Yes...see my mea culpa above....it is hard to stop thinking in terms of 
threads and processes!

>> Granted I have M sockets open at a time, it is possible for this to 
>> take quite a while to execute. Performance would be terrible (and yes 
>> I want an approach that has good to very good performance. After all 
>> who would want poor to terrible performance?)
> "performance 'would be' terrible" sounds like premature optimization to 
> me.  At least, I have lots of experience with systems where this 
> performance was more than good enough.  Huge massively multiplayer games 
> use such systems and manage to deal with tens of thousands of concurrent 
> clients per game node with (relative) ease, over the public internet, 
> with good performance, and without breaking the bank on bandwidth.

Do the games use TCP or UDP? I would have thought they save state about 
each of the players in the server and use UDP for message passing. I 
thought that was part of the reason most game developers where 
interested in STUN?

>> So I divided the problem down to two parts. One, can I reduce the 
>> amount of traffic on the invoking side of the RPC request? Second, is 
>> how to deal with the response. Obviously I have to deal with the issue 
>> of failure, since RPC semantics require EXACTLY-ONCE.
> If you're concerned about bandwidth *as a resource of its own* then this 
> is perhaps a legitimate concern.  But if you're concerned about reducing 
> bandwidth as a means to increase the real-time performance of the system 
> I don't think that it's actually going to save you a lot.  You save some 
> bandwidth, but then you move a bunch of request/response tracking out of 
> hardware and into Python.  Unless your new algorithm is more efficient 
> by a large margin, and N is very big indeed (100,000 is not "big", 
> especially when you can partition it using techniques like overlay 
> networks).

Bandwidth is a very important issue in this system. No one would run 
this on their network if it could bring down their network (or congest 
it so badly ...the old packet-storm issue).

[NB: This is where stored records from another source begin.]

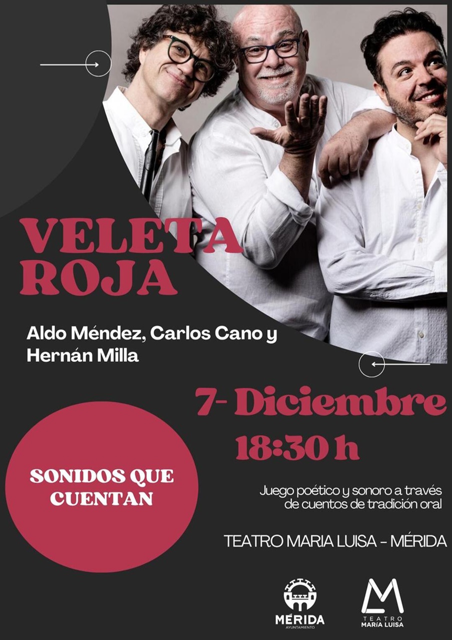 El Teatro María Luisa acoge el domingo, 7 de diciembre, el concierto de ‘Veleta Roja’ en donde la narración oral, música y poesía se integran en un espectáculo para toda la familia que nace y se sostiene en el arte la improvisación. Aldo Méndez, Carlos Cano y Hernán Milla proponen un juego poético y sonoro de 60 minutos en una atmósfera íntima que apela a la necesidad de crear espacios de comunicación afectiva a través del arte y que convierte al público en parte activa del proceso lúdico y creativo.
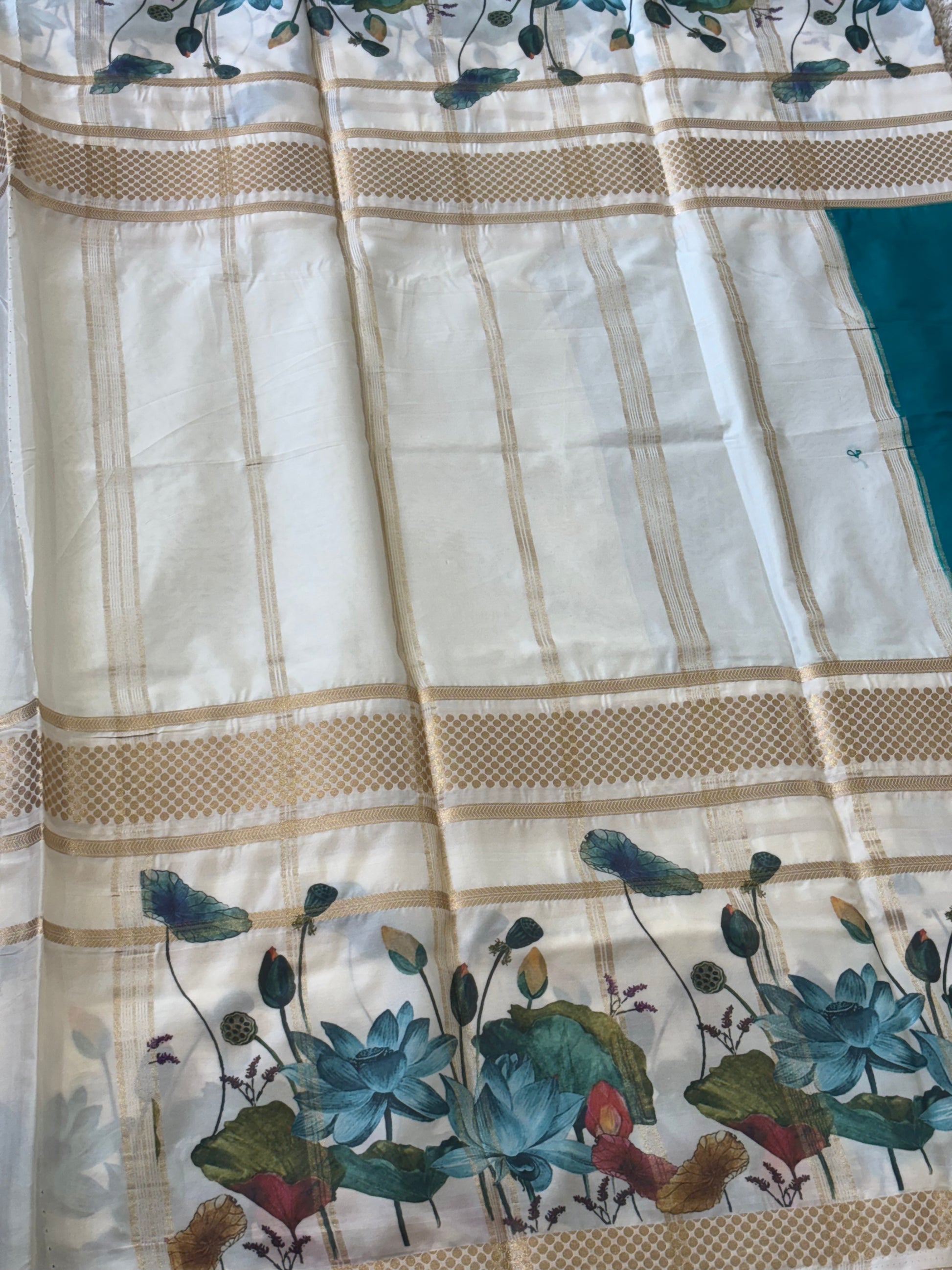 Beautiful semi Mysore crepe silk saree with a rich pallu and a cream body. It features lovely lotus and bird prints that give it an elegant and traditional look. Perfect for festive and special occasions.
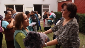 Pénjamo, Guanajuato.- La Presidenta del DIF municipal de Pénjamo, Maricela Mendoza Ríos, encabezó la entrega de 650 cobijas a personas vulnerables de diversas colonias y comunidades de la localidad, que viven en las zonas donde se presentan bajas temperaturas en esta época del año.
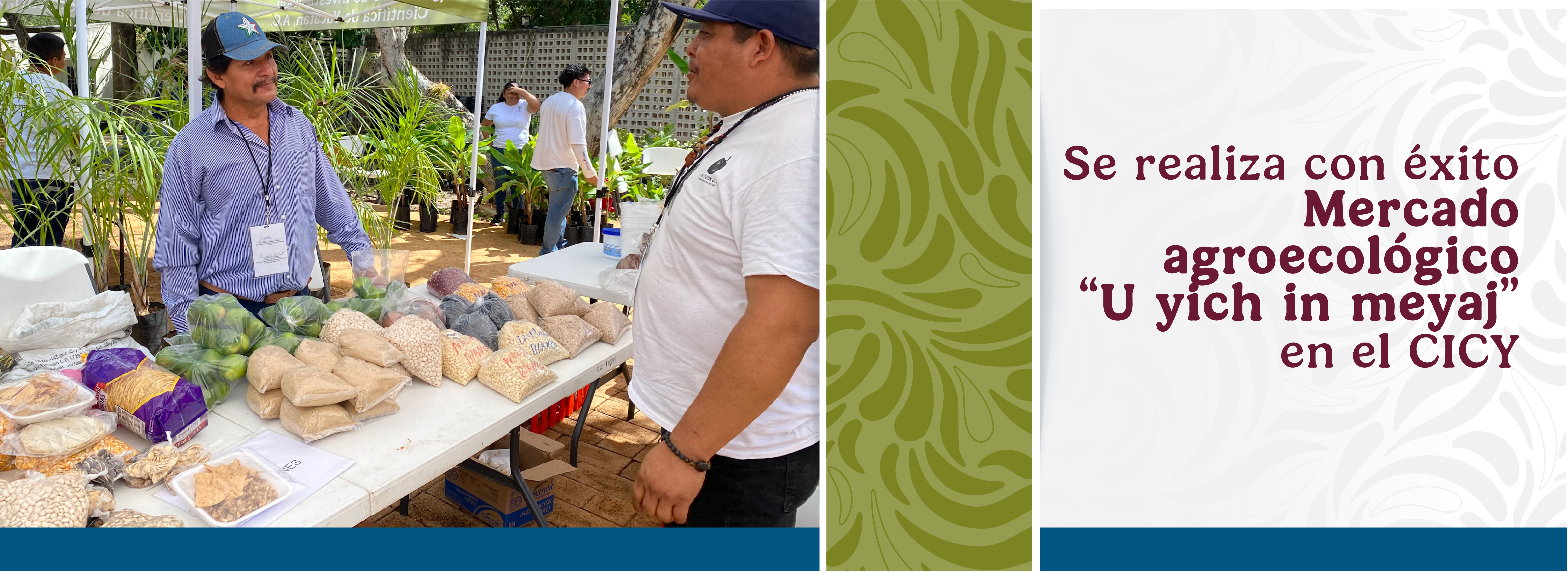 Mérida, Yucatán a 20 de marzo de 2026 — Con el fin de contribuir a la construcción de un circuito solidario de producción y consumo de productos locales, sanos y nutritivos, el Centro de Investigación Científica de Yucatán, A. C. (CICY), llevó a cabo la primera edición de 2026 del Mercado Agroecológico “U yich in meyaj” (el fruto de nuestro trabajo), en el que integrantes de 13 colectivos de personas productoras de Yucatán ofrecieron diversos productos elaborados localmente.

Minimizing bandwidth usage is only one way to deal with performance. A 
congested network will drop packets (requiring retransmission, etc), so 
I try to minimize the impact on the network.

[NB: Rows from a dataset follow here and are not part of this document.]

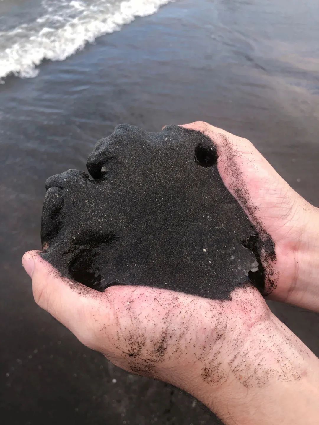 黑质地的沙粒细腻、柔软,沙体内含多种矿物质
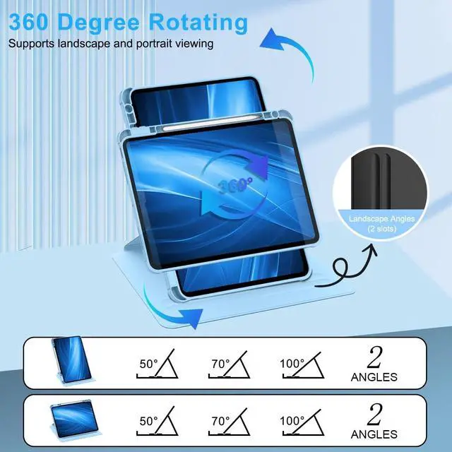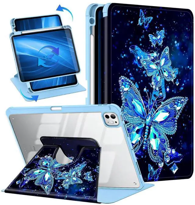 Note: The Stylus Pen is NOT included in the package. ^^ 360 Degree Rotating This case for iPad Pro 13 Inch (M4) can swivel both vertically and horizontally, non-slip lining material and grooves can set up multiple stand angles stably to reach your most comfortable viewing or typing. Functional and convenient. ^^ Auto Sleep/Wake CoverThis is designed for iPad Pro 13 Inch (M4) case automatically wakes or puts your tablet to sleep when the lid is opened and closed, protects and extends battery life. Easy access to all features and controls even with the case on. Precise cutouts, with all buttons and ports accessible. ^^ Unique Triple Shockproof Protection Compared with the outdated design, the unique iPad Pro 13 Inch (M4) Case designed with an add-on bumper made by high-performing impact material. Absorbs more shock energy between the tablet and the hard back case. choose this case to express delicacy and elegance of your life style. Upgrade built-in sponge technology adds extra heat-dissipation.
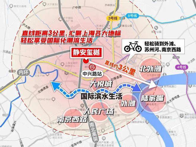 而静安玺樾到外滩和平饭店的直线距离正好是约3公里!妥妥的城心烫金地段!
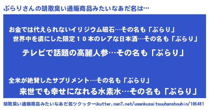 | 意味不明あだ名 | 『自称ぶらり』『眠気覚ましガムぶらり味』 |

>> That leads me to the observation that on an uncongested ethernet (...)
> "uncongested ethernet" implies something very concrete about your 
> network topology.  Certainly it implies that you have enough spare 
> bandwith that you don't need to be compressing every byte.  Want to 
> expound? :)
Well a congested network is about 1/2 the bandwidth; so I can expect 
about 5Mb/sec on a 10M ethernet, etc. So the idea would be keep traffic 
to a minimum.

As I mentioned earlier, if I was to do normal heartbeat messages with N 
machines, I have N! messages moving around. So long as N is small - a 
few hundred machines (and I have built machines in the telecom world 
that have had 100 machines), the load on the network is reasonable. But 
once you have 1000 machines, you have a 1,000,000 messages flying 
around. Through the work I did I got the number down to 2,000! And over 
15 seconds, that isn't too bad.

>> Hope this helps cast the problem...I didn't mean to sound terse before 
>> I just figured everyone had already thought about the problem and knew 
>> the issues.
> I still really don't know what the problem at hand is.  I gather it has 
> something to do with sending a lot of traffic to a lot of peers but that 
> is still a description of an implementation technique, not a problem.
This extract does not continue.